Joe Boyce

Personal information
- Full name: Joseph Boyce
- Born: 1 February 1994 (age 32) Sunshine Coast, Queensland, Australia
- Height: 186 cm (6 ft 1 in)
- Weight: 98 kg (15 st 6 lb)

Playing information
- Position: Lock
Club
| Years | Team | Pld | T | G | FG | P |
| 2015 | Brisbane Broncos | 1 | 0 | 0 | 0 | 0 |
Representative
| Years | Team | Pld | T | G | FG | P |
| 2017 | Queensland Residents | 1 | 0 | 0 | 0 | 0 |
- Source: As of 7 January 2024

= Joe Boyce =

Australian rugby league footballer

Joe Boyce (born 1 February 1994) is an Australian professional rugby league footballer who plays for the Townsville Blackhawks in the Queensland Cup. Primarily a , he previously played for the Brisbane Broncos in the National Rugby League.

==Background==
Born on the Sunshine Coast, Queensland, Boyce played his junior football for the Sunshine Coast Sea Eagles, Nambour Crushers and Norths Devils, before being signed by the Newcastle Knights.

==Playing career==
===Early career===
After trialling with the Penrith Panthers, a Newcastle Knights scout signed Boyce to a two-year contract starting in 2013. In 2013 and 2014, he played for Newcastle's NYC team.
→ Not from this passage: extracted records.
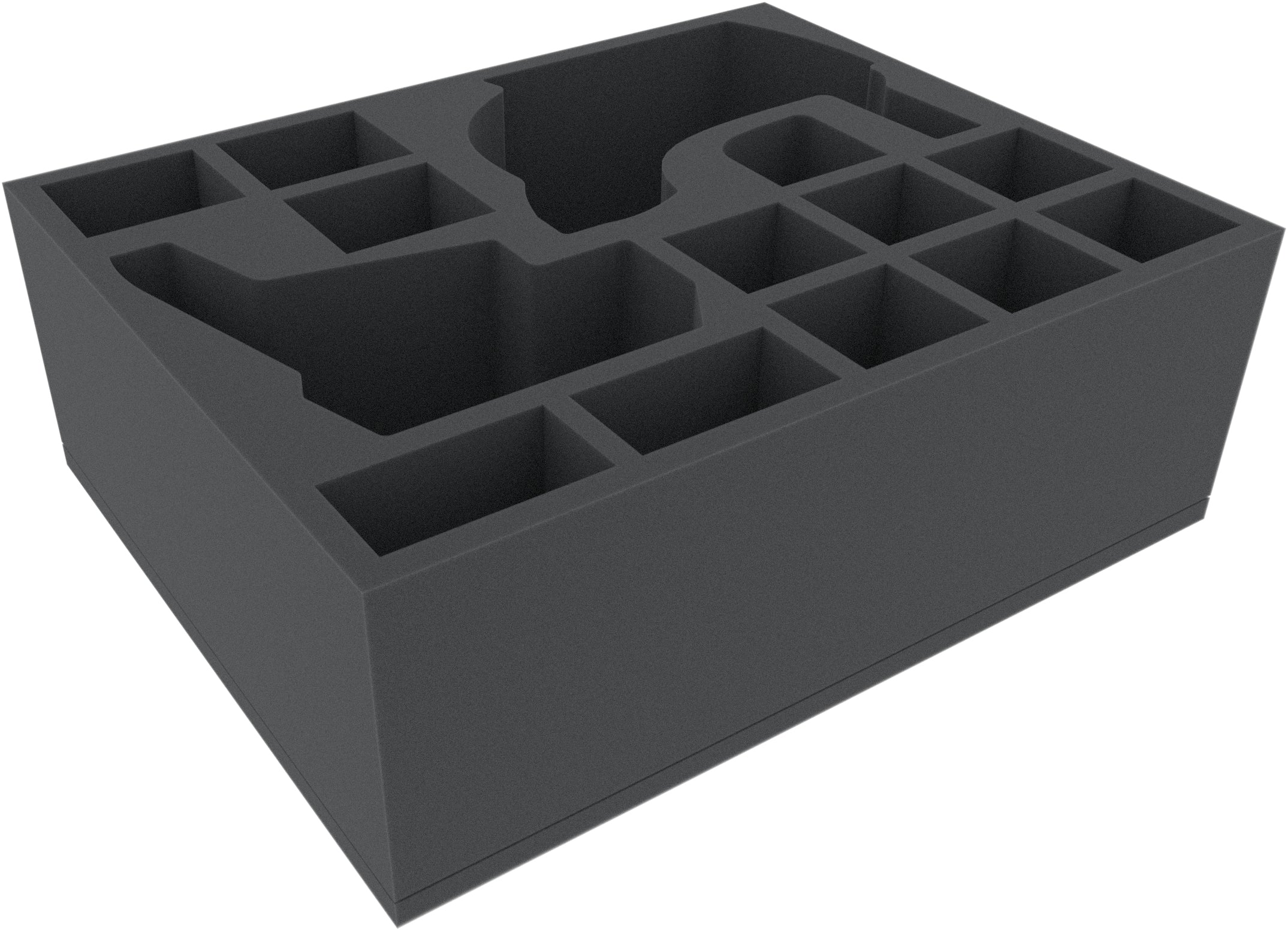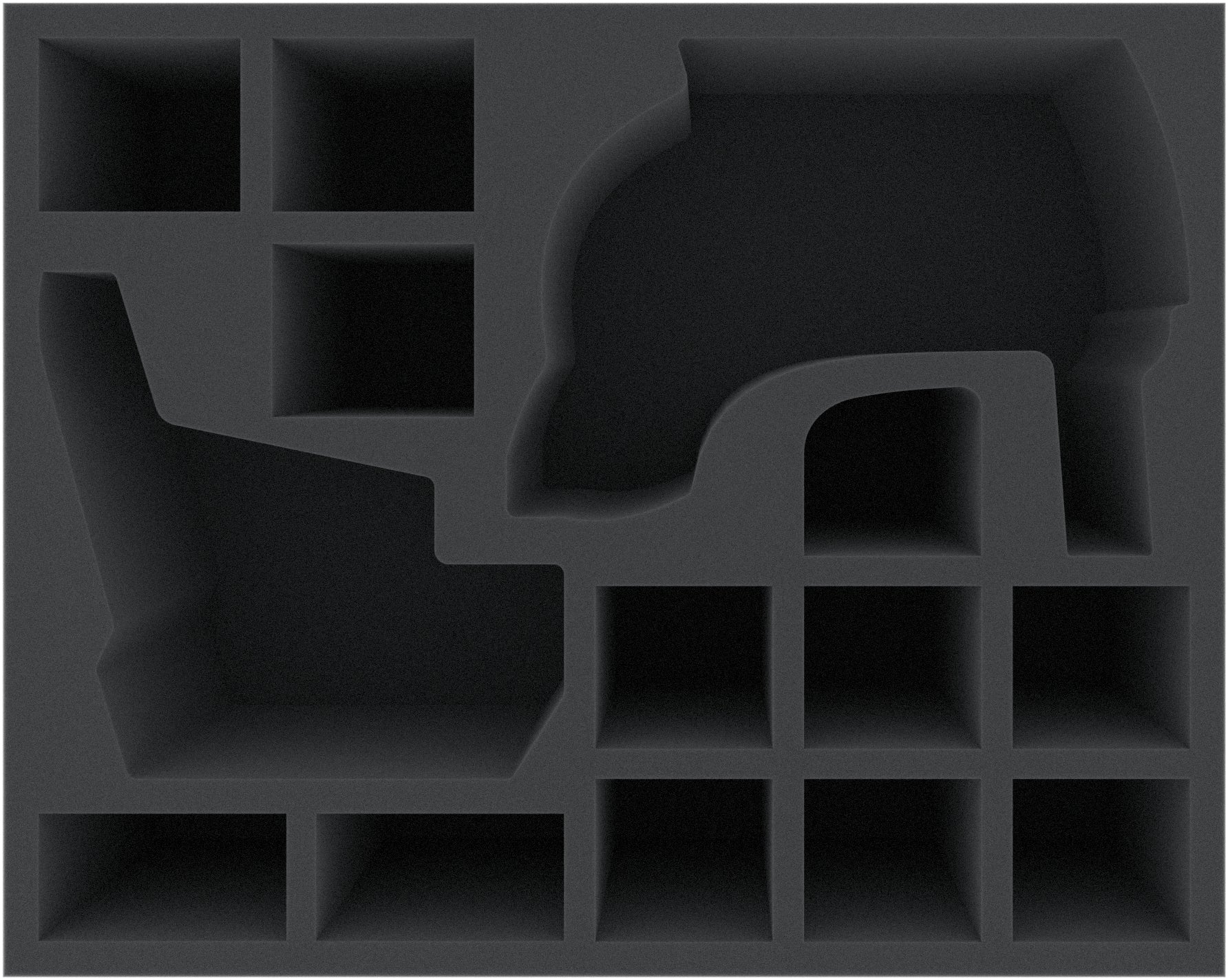 We'll help you get the pieces of your Gloomtide Shipwreck to the next battle in just two, less-damaged pieces. The insert has 13 compartments, the two largest of which are miniature-precisely cut to fit the shape of the two parts of the Gloomtide Shipwreck. This gives the miniature a tight fit and prevents it from sliding around during transport. The soft, fine-pored foam prevents the rotten planks from bending or breaking. Plus, the colors of your painted wreck are safe from unwanted scratches and additional color abrasion.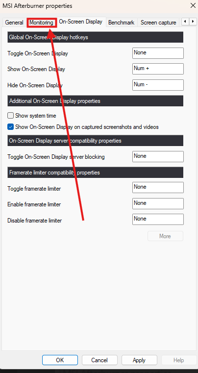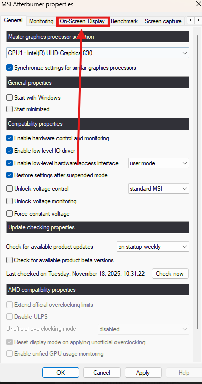 Step 7: Navigate to the tab labeled "On-Screen Display". This page will allow us to set a hotkey to show/hide the on-screen display so that it's not always in your way while gaming, and will allow you to turn it on when needed.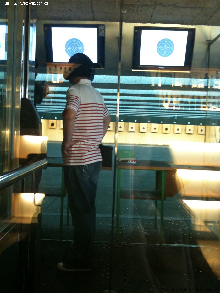 朋友说,走,进去开两枪。进了射击房,枪声震耳欲聋,赶紧找个耳机给自己戴上。瞧瞧本公子还象那么回事吧。

In October 2014, he signed a two-year contract with the Brisbane Broncos starting in 2015, following Newcastle coach Wayne Bennett to Brisbane.

===2015===
In round 11 of the 2015 NRL season, Boyce made his NRL debut for Brisbane against his former club, the Newcastle Knights.

===2018-2022===
After a number of seasons playing for the Broncos' feeder clubs, Boyce joined the Townsville Blackhawks for the 2018 season. Boyce played with the Townsville club up until the end of 2022 making 69 appearances.